Our own local Tea Party seems to be getting smaller and smaller, this is no time for letting up on the pressure of the conservatives on the “business as usual” politicians.
It’s no time for a ‘party’
by Frank Miele
If you are a fan of this weekly column, you probably don’t think Democrats are the solution to this country’s problems. But if you think Republicans are the solution, think again.
George W. Bush is a Republican. John McCain is a Republican. Strange as it may seem, even Arnold Schwarzenegger is a Republican! Now, stop talking about partisan solutions, and face the facts.
Republicans are not the solution — you are.
It’s up to the good people of this country to stand up and get something done — restore common sense, return to common values, and re-establish the Constitution as the common bond that all Americans share.
That means that everyday Americans can’t just be passive observers anymore. You can’t just entrust the future to one party or the other. And you can’t stand back and watch your country be run into the ground, and wonder who is going to take care of the problem. It’s up to you.
There are literally millions of Americans working to “fundamentally transform” America into a place where “social justice” is more important that individual liberty, into a place where “equal outcomes” have taken the place of “equal rights,” and ultimately into a place where — like in George Orwell’s “Animal Farm” — “some… are more equal than others.”
Sure, I know there is a sentimental attachment some people have to party designations, and you can make a case that Democrats lean a certain way and Republicans lean another way, but the facts of the past 50 years speak pretty loudly.
Since 1961, we have had five Democratic presidents and five Republican presidents. Congress has been a bit more Democratic over that long period, but you would be hard pressed to see much difference in the outcomes between times of Democratic and Republican control. Problems have continued to grow, and solutions have continued to get more distant in the telescope, no matter who was in control. The current debt crisis is just one more example of that. George W. Bush was nearly as profligate a spender as Barack Obama, and apparently thought that being a compassionate conservative meant spending more money on social programs than Democrats did.
As for President Obama, what’s his explanation for bombing Libya? How can he possibly jibe his administration’s use of war powers today with his own statement in 2007 that, “The president does not have power under the Constitution to unilaterally authorize a military attack in a situation that does not involve stopping an actual or imminent threat to the nation”?
Answer: He can’t. It’s just one more example of how political affiliation is more for convenience in getting elected than a statement of values or guarantee of where you stand.

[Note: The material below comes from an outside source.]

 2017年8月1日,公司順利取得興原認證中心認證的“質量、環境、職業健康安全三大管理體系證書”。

Another place where both parties have an abysmal record for acting in accord with the wishes of the people is border control and immigration sanity. Don’t forget — it was President Bush who tried to push through amnesty for illegal immigrants, with the support of many Democrats and Republicans in Congress.
And it wasn’t the Republican Party that stopped that disaster from happening; it was the American people, rousing from their slumber long enough to slam a sledgehammer of email, faxes and phone calls into the Capitol. Congress got the message — barely. The amnesty bill was shut down and people started talking about enforcing border security instead of legalizing criminal behavior.

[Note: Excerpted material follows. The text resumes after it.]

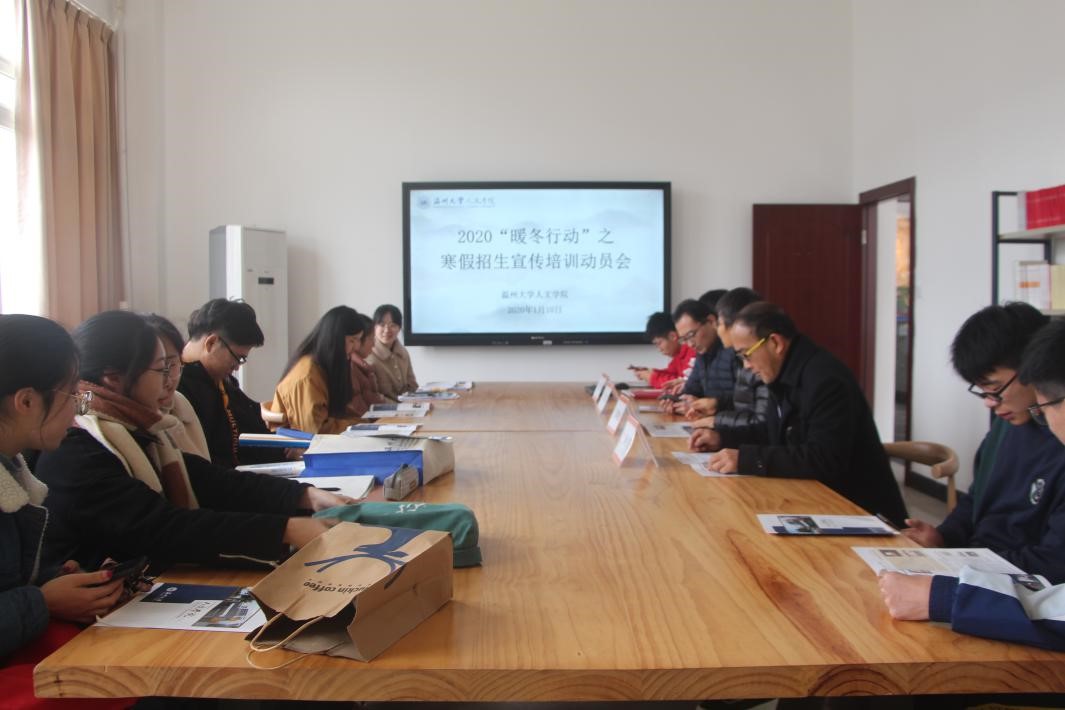 用青春温暖人心,用言语照亮归途。归时已是寒冬,来时一片春红。2020年1月10日上午,公司2020“暖冬行动”之寒假招生宣传培训动员会在人文楼214举行,副经理郑春生教授、汉语言文学系主任洪之渊老师、广告学系主任黄良奇老师、学工办辅导员李丹萍老师出席本次会议。

But as always happens, the powers that be were just waiting for America to go back to sleep — Democrats kept talking about “comprehensive immigration reform,” the code words for amnesty, and Republicans kept trying to figure out how they could vote for it and still get re-elected.
A funny thing happened on the way to the re-vote that many in Congress had hoped for, however; the Tea Party movement emerged, partly as a followup to the amnesty fight and partly as a bulwark against increased government spending that was proposed in the wake of the 2008 economic collapse.
What the Tea Party realized long before most people did was that 20 million illegal aliens inside our borders are a huge drain on government services and taxpayer dollars. If we are against government spending money on citizens, we are adamant in our opposition to spending money to protect people who have broken the law to take advantage of our hospitality.
But if you think that Republicans are going to take the common sense approach to the immigration crisis, just take a look at Utah to see how wrong you are.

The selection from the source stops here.